Pol Saroeun went on to say that any soldier who breaks military rules “shall be punished based on the statute of the RCAF,” without elaborating.

Visa restrictions

Hun Sen’s government has faced widespread condemnation in recent months over its actions against the CNRP, as well as for orchestrating the closure of independent media outlets and cracking down on nongovernmental organizations, ahead of next year’s ballot.

On Wednesday, the U.S. announced visa restrictions on “individuals responsible for undermining Cambodian democracy” as part of a series of “concrete steps” in response the ongoing crackdown.

“We call on the Cambodian government to reverse course by reinstating the political opposition, releasing Kem Sokha, and allowing civil society and media to resume their constitutionally protected activities,” State Department spokesperson Heather Nauert said in a statement.
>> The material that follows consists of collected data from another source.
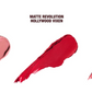- RED (Hollywood Vixen): My Matte Revolution formula in a perfectly nuanced red with 3D-effect pigments to enhance the look of every skin tone!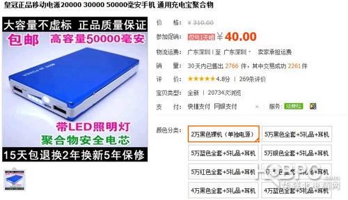 通過上面的截圖我們能夠了解到賣家最近熱賣的這一款電源,2萬毫安僅售40元,這樣的噱頭讓很多消費者盲目的下單,可以看到他們的交易量還是不少的,難道這些消費者都是為了貪圖小便宜才上當的嗎?我想也有很多不了解才隨大流的,所以小編在此為大家普及一下如何辨別移動電源的小技巧。
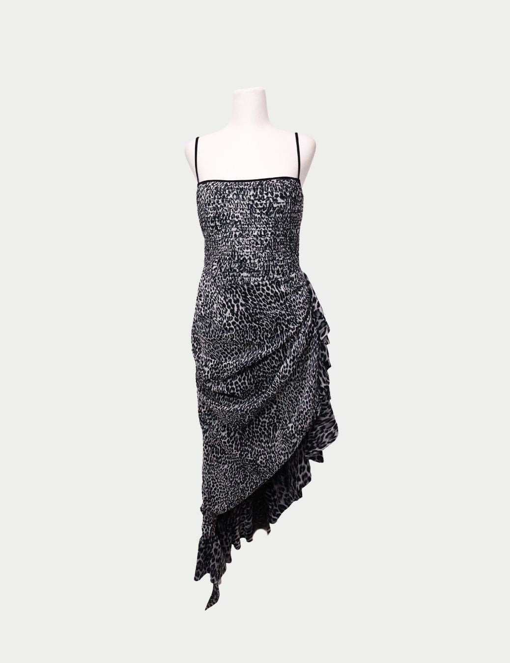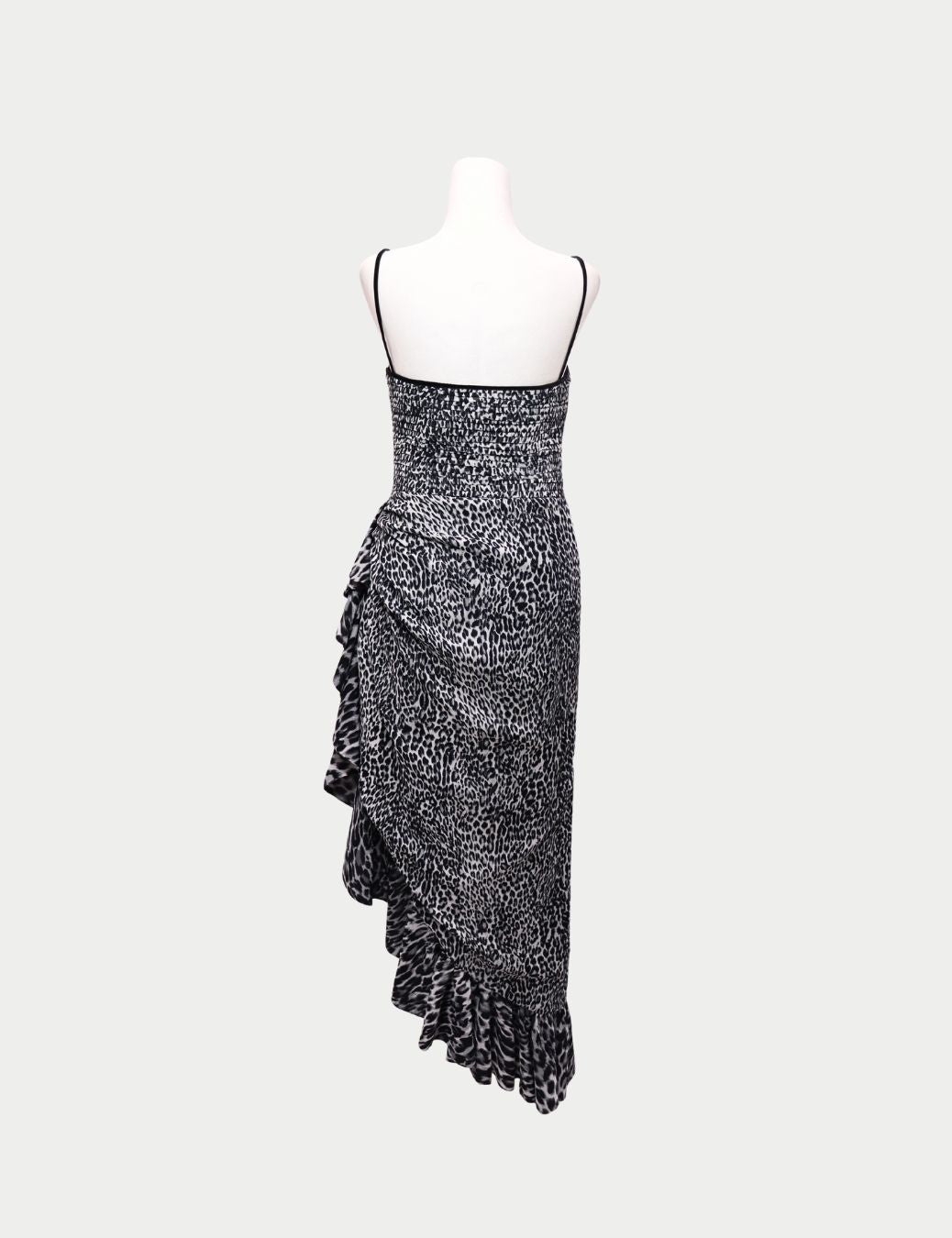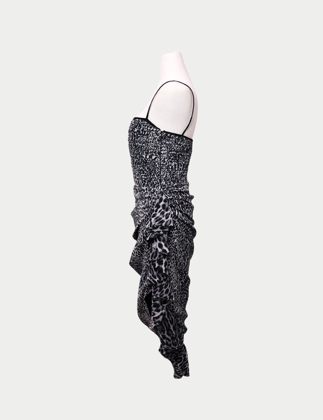 With its monochrome cheetah print and sensual draping, this dress embodies the essence of Rasario — unapologetically elegant and irresistibly confident. Ideal for evening events, cocktail parties, or red-carpet moments.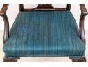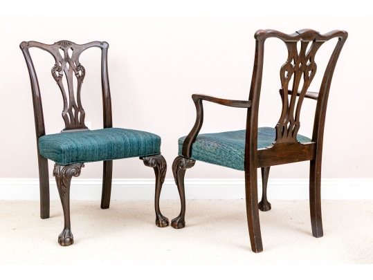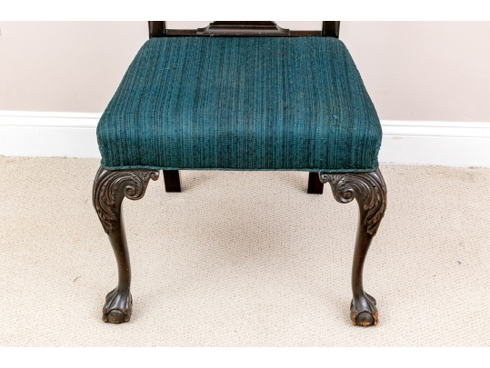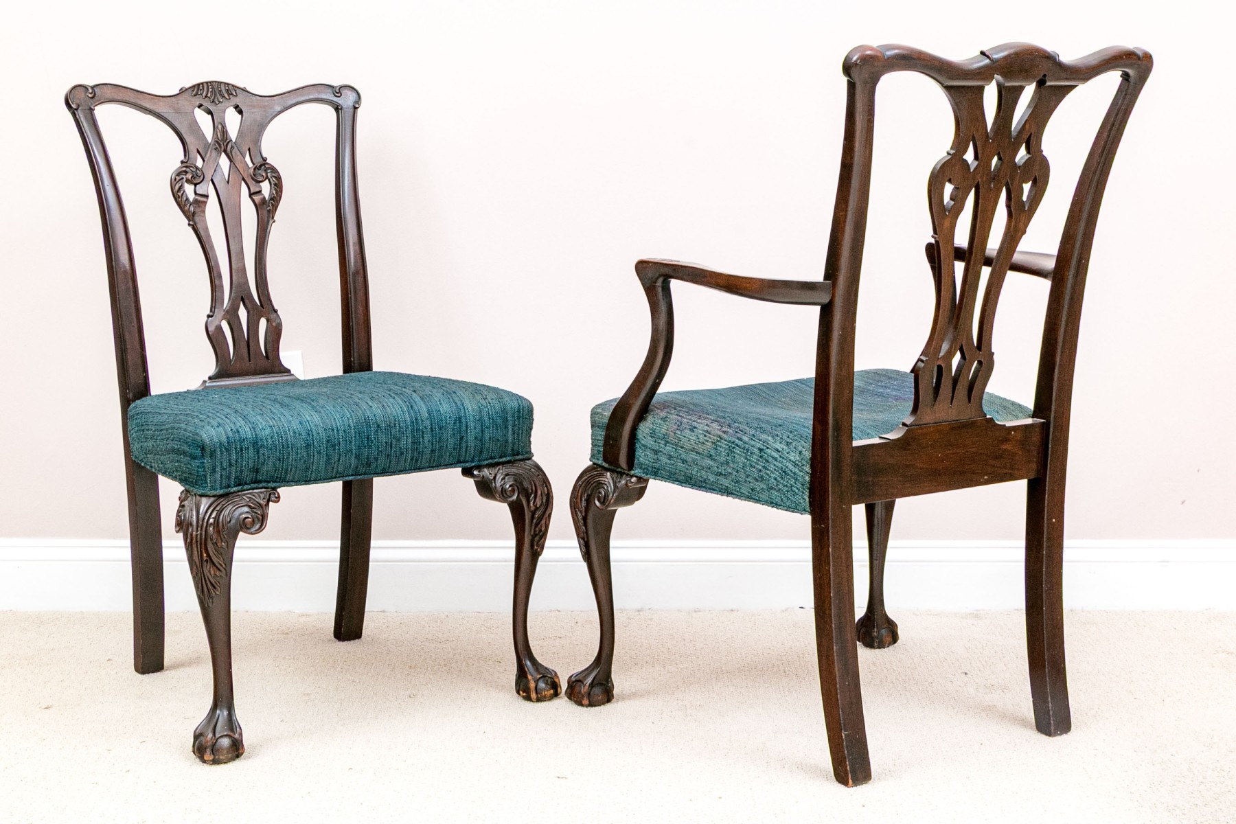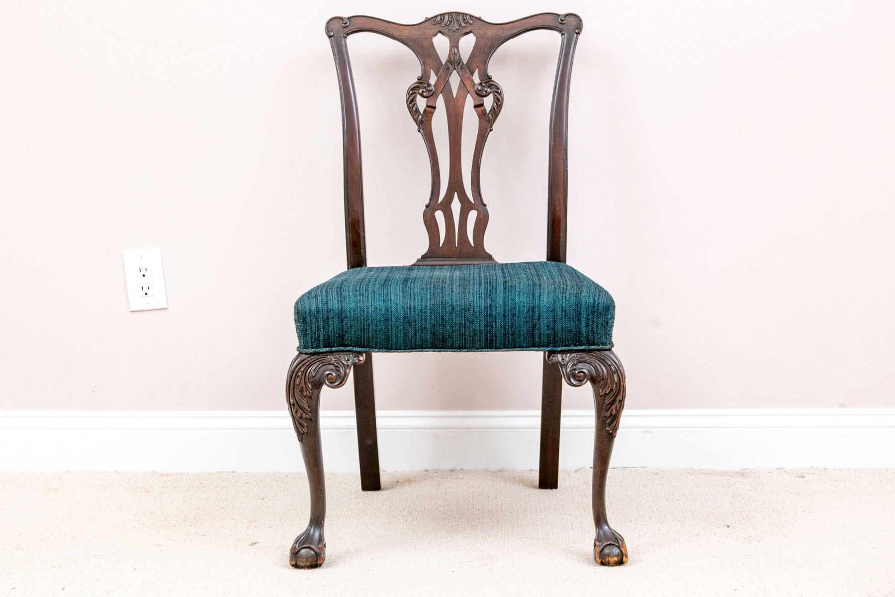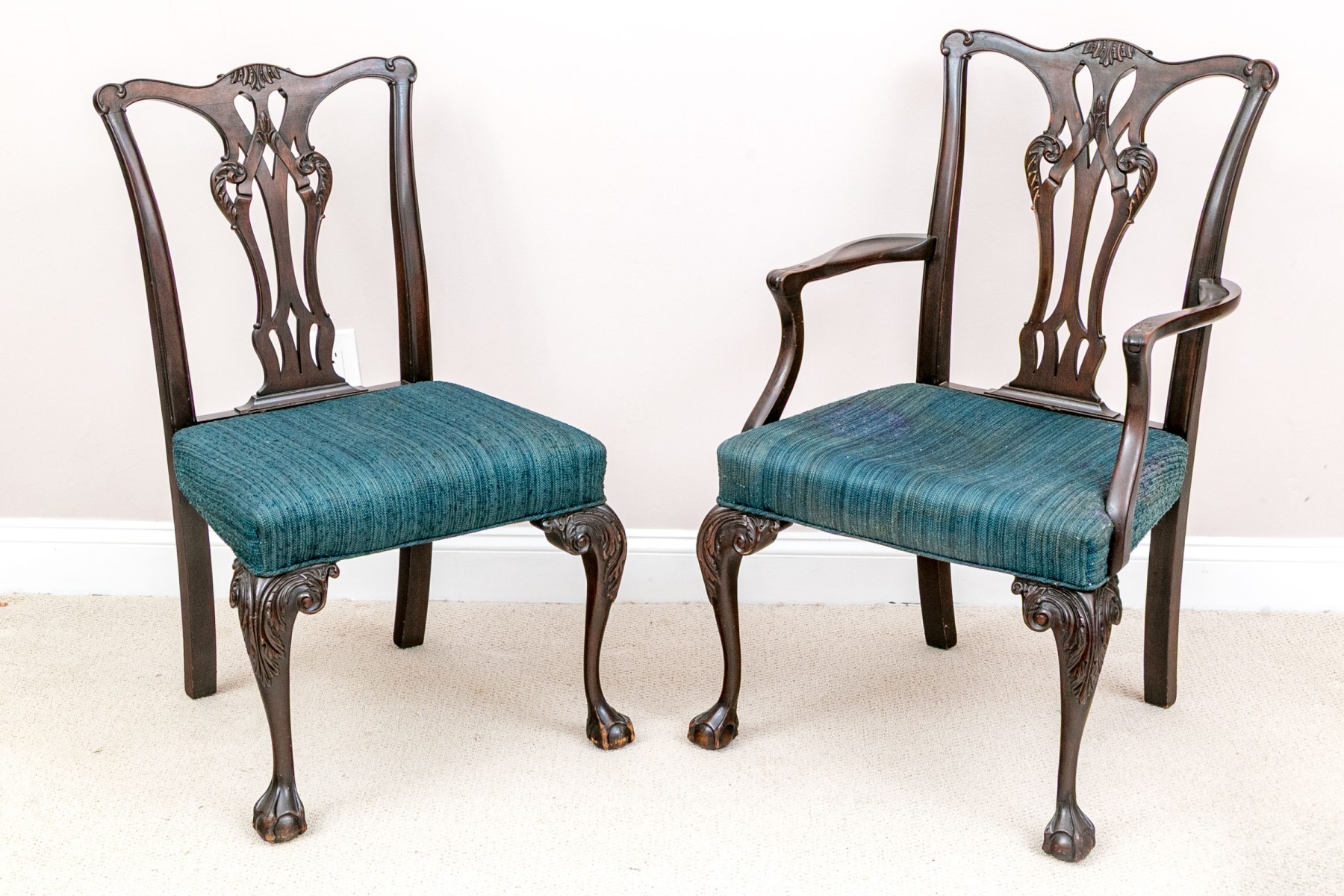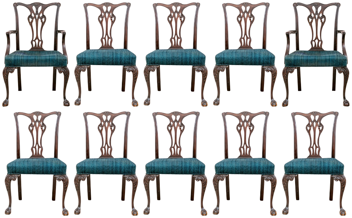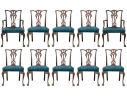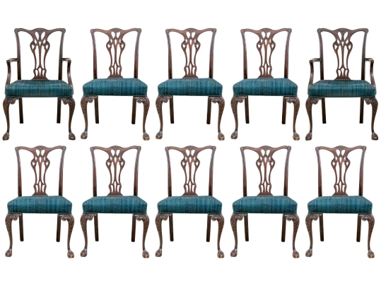 A set of ten Chippendale style dining chairs including eight side chairs and two armchairs. Beautifully crafted with warm-toned, dark brown frames sporting serpentine top rails and shapely openwork fiddle splats. Seats are upholstered in heathered teal blue fabric and raised over heavily carved cabriole front legs over ball and claw feet.

“Such actions could lead to a lifting of these travel restrictions and increase the potential for Cambodia’s 2018 electoral process to regain legitimacy.”

Last month, the U.S. withdrew an offer to help fund next year’s election and the European Union threatened to end preferential trade tariffs with Cambodia.

Additionally, rights groups and nongovernmental organizations have heaped scorn on Cambodia’s government over its recent actions and called on international trade partners and donors to pressure Hun Sen to walk back restrictions.

Reported by RFA’s Khmer Service. Translated by Nareth Muong. Written in English by Joshua Lipes.